Video Creation by Demonstration

Yihong Sun,Hao Zhou,Liangzhe Yuan,Jennifer J. Sun,Yandong Li,Xuhui Jia,Hartwig Adam,Bharath Hariharan,Long Zhao,Ting Liu
2024-12-13
Abstract:We explore a novel video creation experience, namely Video Creation by Demonstration. Given a demonstration video and a context image from a different scene, we generate a physically plausible video that continues naturally from the context image and carries out the action concepts from the demonstration. To enable this capability, we present $\delta$-Diffusion, a self-supervised training approach that learns from unlabeled videos by conditional future frame prediction. Unlike most existing video generation controls that are based on explicit signals, we adopts the form of implicit latent control for maximal flexibility and expressiveness required by general videos. By leveraging a video foundation model with an appearance bottleneck design on top, we extract action latents from demonstration videos for conditioning the generation process with minimal appearance leakage. Empirically, $\delta$-Diffusion outperforms related baselines in terms of both human preference and large-scale machine evaluations, and demonstrates potentials towards interactive world simulation. Sampled video generation results are available at <a class="link-external link-https" href="https://delta-diffusion.github.io/" rel="external noopener nofollow">this https URL</a>.
Computer Vision and Pattern Recognition
What problem does this paper attempt to address?
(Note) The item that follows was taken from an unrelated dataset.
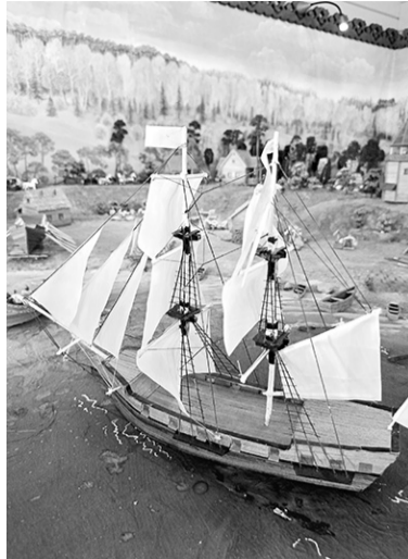
Фрагмент экспозиции в «Домике Петра»

Следующая остановка – Лодейнопольский историко-краеведческий музей «Свирская Победа». Он является филиалом Государственного бюджетного учреждения культуры Ленинградской области «Музейное агентство». Само здание музея, выполненное в форме корпуса корабля, построили в 1944 году по проекту архи-

The core problem that this paper attempts to solve is: **How to generate a physically reasonable video through a given demonstration video and a context image of a different scene, and this video can naturally continue the context image and execute the action concept in the demonstration video**. Specifically, the paper proposes a new video creation experience - **Video Creation by Demonstration**. Users can generate a new video by providing a demonstration video showing the required action concept and a context image of the initial scene. This new video will integrate the action concepts in the demonstration video and ensure temporal and physical coherence. To achieve this goal, the paper introduces the 𝛿 - Diffusion model, which is a self - supervised training method that learns from unlabeled videos through conditional future - frame prediction. Different from most existing video generation control methods based on explicit signals, 𝛿 - Diffusion adopts an implicit latent control form to maximize the flexibility and expressiveness required for general - purpose videos. In addition, by using the appearance bottleneck design on the video base model, the action latent variables in the demonstration video are extracted, thereby minimizing appearance leakage during the generation process. ### The main contributions of the paper include: 1. **Introducing Video Creation by Demonstration**: A new controllable video generation creation experience that allows the direct use of videos as driving control signals to convey action concepts. 2. **Utilizing off - the - shelf video base models for the first time** for latent control of video generation. 3. **Proposing a new self - supervised training paradigm**, achieving remarkable controllable video generation results. Through these designs, the paper solves the challenges of existing methods in action concept transfer and video generation in complex scenarios, opening up new possibilities for interactive world simulation.